Die WM 2010 wurde zu einem rauschhaften Ereignis – in Südafrika und in der Heimat. Auf die Frage, wie sich Thomas Müller denn die Stimmung zu Hause vorstelle, antwortete er grinsend: "Traurige Gesichter bei schlechtem Wetter – und kein Grillfleisch." Nach dem Achtelfinale gegen England fragte Müller den Fernsehreporter sehr höflich: "Darf ich noch jemanden grüßen?" Der damals 20-Jährige hatte zuvor zwei Treffer in einem WM-Spiel erzielt. Nun winkte er in die Kamera und grüßte seine beiden Omas und seinen Opa: "Das ist schon lange mal überfällig." Damit hatte er endgültig die Herzen nicht nur aller Fußballfans gewonnen.

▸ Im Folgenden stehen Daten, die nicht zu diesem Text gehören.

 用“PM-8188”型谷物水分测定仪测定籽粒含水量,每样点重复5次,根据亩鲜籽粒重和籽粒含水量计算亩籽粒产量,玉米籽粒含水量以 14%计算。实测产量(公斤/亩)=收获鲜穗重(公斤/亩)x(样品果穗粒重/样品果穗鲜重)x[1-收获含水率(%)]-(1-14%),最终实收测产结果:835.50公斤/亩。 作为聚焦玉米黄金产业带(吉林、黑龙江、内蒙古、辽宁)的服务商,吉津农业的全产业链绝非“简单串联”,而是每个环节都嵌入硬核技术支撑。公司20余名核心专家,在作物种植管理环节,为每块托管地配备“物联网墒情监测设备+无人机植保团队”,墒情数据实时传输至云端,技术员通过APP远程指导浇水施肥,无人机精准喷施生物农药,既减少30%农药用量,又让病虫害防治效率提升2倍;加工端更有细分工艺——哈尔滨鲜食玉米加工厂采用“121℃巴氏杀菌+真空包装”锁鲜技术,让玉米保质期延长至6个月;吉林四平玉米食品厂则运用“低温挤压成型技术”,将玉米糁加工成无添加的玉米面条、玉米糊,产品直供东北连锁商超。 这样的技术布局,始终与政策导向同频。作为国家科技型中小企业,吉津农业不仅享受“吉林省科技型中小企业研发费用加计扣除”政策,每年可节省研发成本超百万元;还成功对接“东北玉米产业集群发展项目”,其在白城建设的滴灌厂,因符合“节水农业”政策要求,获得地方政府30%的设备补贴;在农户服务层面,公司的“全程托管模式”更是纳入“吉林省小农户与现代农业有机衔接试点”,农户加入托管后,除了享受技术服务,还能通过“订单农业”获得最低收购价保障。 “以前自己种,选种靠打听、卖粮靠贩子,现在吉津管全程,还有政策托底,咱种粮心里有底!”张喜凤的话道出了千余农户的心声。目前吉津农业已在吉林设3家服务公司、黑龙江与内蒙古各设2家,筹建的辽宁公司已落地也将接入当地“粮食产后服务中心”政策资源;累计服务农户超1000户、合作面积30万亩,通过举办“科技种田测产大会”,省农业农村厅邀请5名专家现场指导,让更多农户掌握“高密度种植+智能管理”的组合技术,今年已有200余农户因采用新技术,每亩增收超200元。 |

Seine lockere Art kommt einfach an: "Langsam habe ich das Gefühl, dass ich mit meinem linken Fuß mehr anfangen kann, als nur Bier zu holen." Müller lässt sich nicht verbiegen. Der Umgang mit den Medien blieb auch vier Jahre später bei der WM 2014 in Brasilien spielerisch. Ein Journalist fragte ihn damals: "Thomas, die Argentinier haben eine Geheimwaffe, die sie einsetzen wollen: Franziskus. Also mit dem eigenen Papst in der Tasche und Fußballgott Messi auf dem Rasen. Welche irdischen Kräfte werdet ihr dagegensetzen?" Thomas Müller: "Ich müsste jetzt keinen sehen, ich könnte mir denken, die Frage kommt von RTL, oder?" Journalist: "Ja." Thomas Müller: "Alles klar!" Ein anderer Reporter riet ihm: "Wenn Sie nicht aufpassen, werden Sie noch eine Legende." Thomas Müller antwortete schlagfertig: "Dann pass' ich besser nicht auf."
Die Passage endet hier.